LUÍS NASSIF:Noves fora, zero

 O sábio recluso, com quem converso de vez em quando, não conseguiu entender a lógica das mudanças no Ministério da Fazenda -com a saída do secretário de Política Econômica, Marcos Lisboa, sua substituição pelo secretário-executivo, Bernard Appy, e a substituição de Appy por Murilo Portugal, que foi secretário do Tesouro e estava trabalhando no FMI (Fundo Monetário Internacional).
Assim como eu, ele não acredita em fogo amigo derrubando Lisboa. Além de pessoa afável e competente no que se dispunha a fazer -cuidar das reformas microeconômicas-, Lisboa não chegava a ser tão ortodoxo quanto se tornou o próprio Appy.
A leitura do sábio é que uma das características de regimes em queda é o reforço das barricadas com a tropa considerada mais fiel. Por regime em queda, entenda-se a linha ulta-ortodoxa adotada pelas equipes da Fazenda e do Banco Central.

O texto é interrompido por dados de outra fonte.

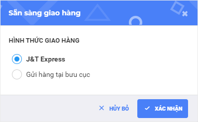 Trong trường hợp đơn vị vận chuyển hỗ trợ cả 2 hình thức: Gửi hàng tại bưu cụcĐơn vị vận chuyển đến lấy hàng, chương trình sẽ hiển thị màn hình Chọn hình thức lấy hàng để bạn lựa chọn.

A política econômica está cada vez mais contestada, desde por banqueiros de peso, como Fernão Bracher, até comentaristas que acreditavam no mito da infalibilidade dos papas do Banco Central.
É essa uma das mais estranhas linhas da política palocciana, diz ele. No "board" do Fed (Federal Reserve) americano, há sete governadores e sete tendências diferentes de visão da economia. Lá eles acham fundamental a diversidade de ângulos para que se cometam menos erros.
Na linha regressiva, que vem desde a gestão Pedro Malan, no governo Fernando Henrique Cardoso, o que se observa é a redução da qualidade da equipe a cada mudança. As duas ou três receitas prontas são sempre as mesmas, sem mudança sequer da aparência do prato. Na definição do meu interlocutor, Portugal é o legitimo mais do mesmo multiplicado por tudo igual. Tem o agravante -lembra-me uma economista- de não ter o menor jogo de cintura. Não tinha no Tesouro, onde o trabalho político era mais ameno. Agora, terá que administrar demandas políticas também.
O sábio sugeria que, nem que fosse apenas por curiosidade, poderiam encomendar"papers" independentes de nomes ortodoxos, como José Alexandre Scheinkman -cujo currículo sozinho vale mais do que toda a equipe econômica-, de Paulo Rabello de Castro e de outros ortodoxos de elevado nível acadêmico. Faz questão de enfatizar apenas os ortodoxos, para que sua sugestão não seja desqualificada como "desenvolvimentista".
Ele diz que essa é uma prática corriqueira nos Estados Unidos e na Europa, em que não se despreza o saber acumulado fora das estruturas burocráticas. Pelo menos haveria um arejamento do debate, algo que na condução da política econômica das grandes economias é considerado essencial.
Quando o presidente do Banco Central, Henrique Meirelles, fala e repete continuamente que "em todo lugar é assim", seria bom ele lembrar que os conselhos dos bancos centrais do G7 têm, todos eles, economistas de múltiplas tendências porque nenhum pais quer correr o risco de embarcar em uma viagem transatlântica com um só piloto, uma só bússola e um só mapa.
Não há espaço para brilho, criatividade ou dinamismo em jogo.